Errors at Irregular Intervals

sgrallert commented 2 years ago

Hello everyone, first of all thank you for this great library. After wmic stopped working, I searched a long time for a good replacement.

I use the wmic_server to monitor some servers.
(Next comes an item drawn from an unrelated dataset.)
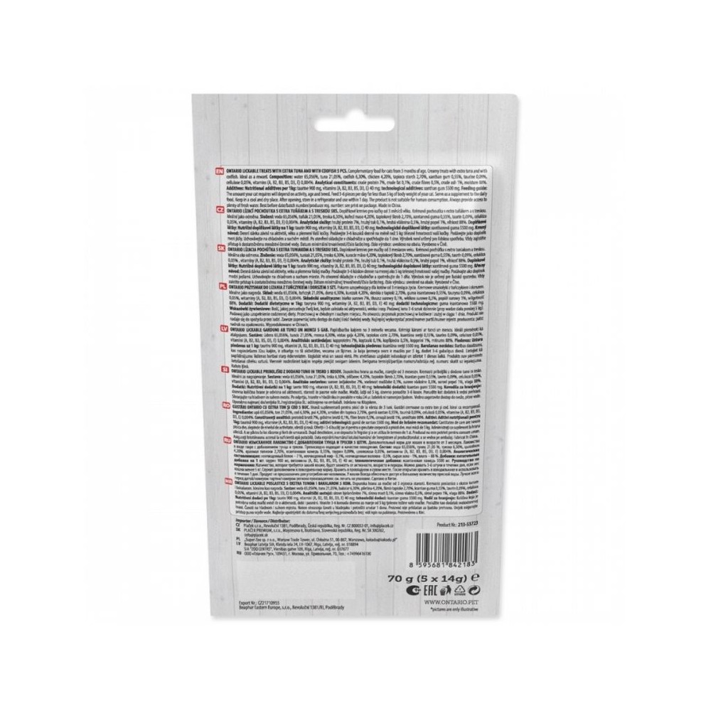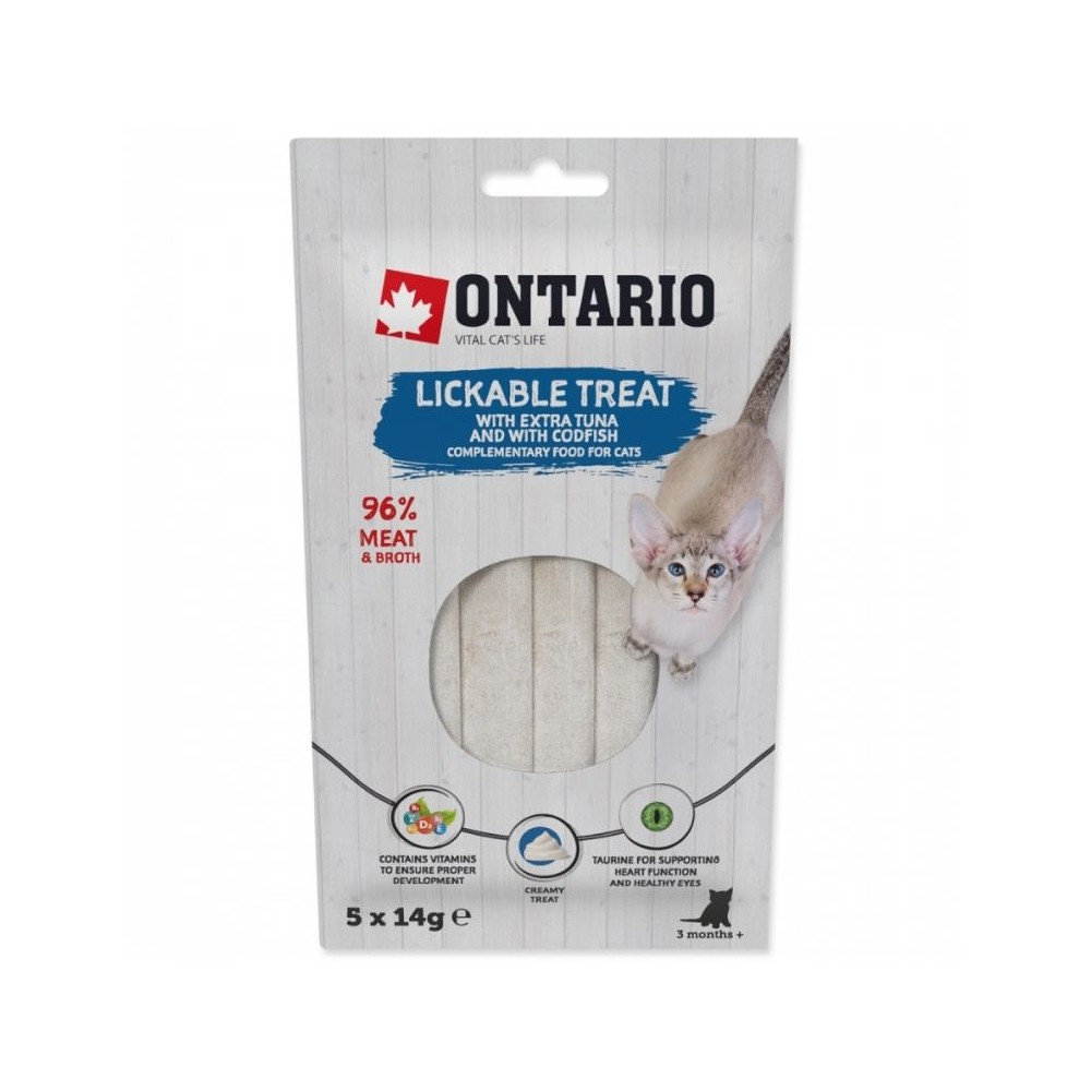 Ontario laižomi skanėstai supakuoti patogioje penkių 14 g tūbelių pakuotėje, kad pasta būtų šviežia ir paruošta patiekti. Katę galite šerti tiesiai iš tūbelės, ant laižymo kilimėlio, kitų interaktyvių žaislų arba naudoti sauso maisto skoniui pagerinti, jei katė jo atsisako.

But now I get the following error in irregular intervals:

Aug 25 16:26:14 ##### nice[675]: [2022-08-25 16:26:14 +0200] [675] [CRITICAL] WORKER TIMEOUT (pid:122590)
Aug 25 16:26:14 ##### nice[122590]: ERROR:asyncio:Fatal error: protocol.data_received() call failed.
Aug 25 16:26:14 ##### nice[122590]: protocol: <aiowmi.protocol.Protocol object at 0x7fb800628a30>
Aug 25 16:26:14 ##### nice[122590]: transport: <_SelectorSocketTransport fd=14 read=polling write=<idle, bufsize=0>>
Aug 25 16:26:14 ##### nice[122590]: Traceback (most recent call last):
Aug 25 16:26:14 ##### nice[122590]:   File "/usr/lib/python3.8/asyncio/runners.py", line 44, in run
Aug 25 16:26:14 ##### nice[122590]:     return loop.run_until_complete(main)
Aug 25 16:26:14 ##### nice[122590]:   File "/usr/lib/python3.8/asyncio/base_events.py", line 603, in run_until_complete
Aug 25 16:26:14 ##### nice[122590]:     self.run_forever()
Aug 25 16:26:14 ##### nice[122590]:   File "/usr/lib/python3.8/asyncio/base_events.py", line 570, in run_forever
Aug 25 16:26:14 ##### nice[122590]:     self._run_once()
Aug 25 16:26:14 ##### nice[122590]:   File "/usr/lib/python3.8/asyncio/base_events.py", line 1823, in _run_once
Aug 25 16:26:14 ##### nice[122590]:     event_list = self._selector.select(timeout)
Aug 25 16:26:14 ##### nice[122590]:   File "/usr/lib/python3.8/selectors.py", line 468, in select
Aug 25 16:26:14 ##### nice[122590]:     fd_event_list = self._selector.poll(timeout, max_ev)
Aug 25 16:26:14 ##### nice[122590]:   File "/usr/local/lib/python3.8/dist-packages/gunicorn/workers/base.py", line 203, in handle_abort
Aug 25 16:26:14 ##### nice[122590]:     sys.exit(1)
Aug 25 16:26:14 ##### nice[122590]: SystemExit: 1
Aug 25 16:26:14 ##### nice[122590]: During handling of the above exception, another exception occurred:
Aug 25 16:26:14 ##### nice[122590]: Traceback (most recent call last):
Aug 25 16:26:14 ##### nice[122590]:   File "/usr/lib/python3.8/asyncio/selector_events.py", line 862, in _read_ready__data_received
Aug 25 16:26:14 ##### nice[122590]:     self._protocol.data_received(data)
Aug 25 16:26:14 ##### nice[122590]:   File "/usr/local/lib/python3.8/dist-packages/aiowmi/protocol.py", line 86, in data_received
Aug 25 16:26:14 ##### nice[122590]:     req, data, = self._requests[self._buf.call_id], self._buf.data
Aug 25 16:26:14 ##### nice[122590]: KeyError: 7
Aug 25 16:26:15 ##### nice[675]: [2022-08-25 16:26:15 +0200] [675] [WARNING] Worker with pid 122590 was terminated due to signal 9
Aug 25 16:26:15 ##### nice[133453]: [2022-08-25 16:26:15 +0200] [133453] [INFO] Booting worker with pid: 133453

The servers are read out every 5 minutes with several querys. What could be the reason for the error?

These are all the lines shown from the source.